The National: Rosena Allin-Khan. Credit: PA

Dr Allin-Khan is Labour's shadow minister for mental health, and is a qualified A&E doctor.

She has served as the MP for Tooting since 2016.

Last year, Dr Allin-Khan called out Nicola Sturgeon for saying she "detests" the Tories.

"It’s not wording that I would choose to use," she told Sky News.

Hugh Fearnley-Whittingstall

The National: Hugh Fearnley-Whittingstall will help launch the Isle of Wight's Great Wight Bite.

The celebrity chef hosts the long-running River Cottage cookery show.

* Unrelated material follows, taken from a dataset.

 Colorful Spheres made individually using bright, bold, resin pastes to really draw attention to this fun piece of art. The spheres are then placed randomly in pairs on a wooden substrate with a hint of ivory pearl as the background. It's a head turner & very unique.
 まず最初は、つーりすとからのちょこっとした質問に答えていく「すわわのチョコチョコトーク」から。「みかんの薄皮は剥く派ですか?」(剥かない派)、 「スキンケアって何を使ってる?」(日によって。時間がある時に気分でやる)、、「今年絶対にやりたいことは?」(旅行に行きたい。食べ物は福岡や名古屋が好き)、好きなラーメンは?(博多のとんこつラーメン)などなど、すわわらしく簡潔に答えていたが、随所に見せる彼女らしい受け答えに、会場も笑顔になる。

He is regularly published by The Guardian and campaigns on topics like food waste, farming and obesity.

Dia Chakravarty

The Telegraph's Brexit editor joins the panel in a week where a new report revealed the shocking damage leaving the EU has inflicted on Scotland.

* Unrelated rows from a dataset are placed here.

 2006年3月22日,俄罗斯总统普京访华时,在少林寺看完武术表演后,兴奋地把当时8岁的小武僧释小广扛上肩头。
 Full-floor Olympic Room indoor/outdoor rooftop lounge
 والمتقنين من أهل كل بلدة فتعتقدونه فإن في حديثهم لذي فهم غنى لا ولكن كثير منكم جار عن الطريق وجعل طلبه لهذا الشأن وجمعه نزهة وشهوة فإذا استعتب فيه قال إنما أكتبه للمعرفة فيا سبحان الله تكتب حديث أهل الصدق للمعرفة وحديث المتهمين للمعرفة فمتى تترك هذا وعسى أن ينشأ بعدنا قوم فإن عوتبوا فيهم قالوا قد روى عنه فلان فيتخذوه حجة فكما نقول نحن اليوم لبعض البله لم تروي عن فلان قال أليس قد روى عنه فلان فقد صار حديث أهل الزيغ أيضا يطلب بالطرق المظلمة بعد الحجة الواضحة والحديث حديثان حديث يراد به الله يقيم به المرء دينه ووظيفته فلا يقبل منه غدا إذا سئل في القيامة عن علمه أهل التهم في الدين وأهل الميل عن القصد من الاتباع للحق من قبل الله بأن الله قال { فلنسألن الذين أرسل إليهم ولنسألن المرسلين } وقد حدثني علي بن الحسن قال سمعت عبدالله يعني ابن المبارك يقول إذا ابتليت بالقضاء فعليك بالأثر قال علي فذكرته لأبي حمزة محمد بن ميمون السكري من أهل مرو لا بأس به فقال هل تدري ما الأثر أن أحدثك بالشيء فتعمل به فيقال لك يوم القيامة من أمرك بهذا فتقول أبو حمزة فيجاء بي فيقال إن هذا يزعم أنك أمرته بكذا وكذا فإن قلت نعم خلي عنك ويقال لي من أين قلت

The new paper detailed consequences like an expected loss of £3 billion every year in public revenues, food price inflation at a 45-year high with Brexit responsible for an estimated one third of it and damaged trade - with 44% of businesses naming Brexit as the main cause of difficulties trading overseas.

Chakravarty is also the former political director of the Taxpayers' Alliance.

The organsiation presents itself as a non-partisan mass membership organisation despite its links to Vote Leave and the Conservative Party hierarchy.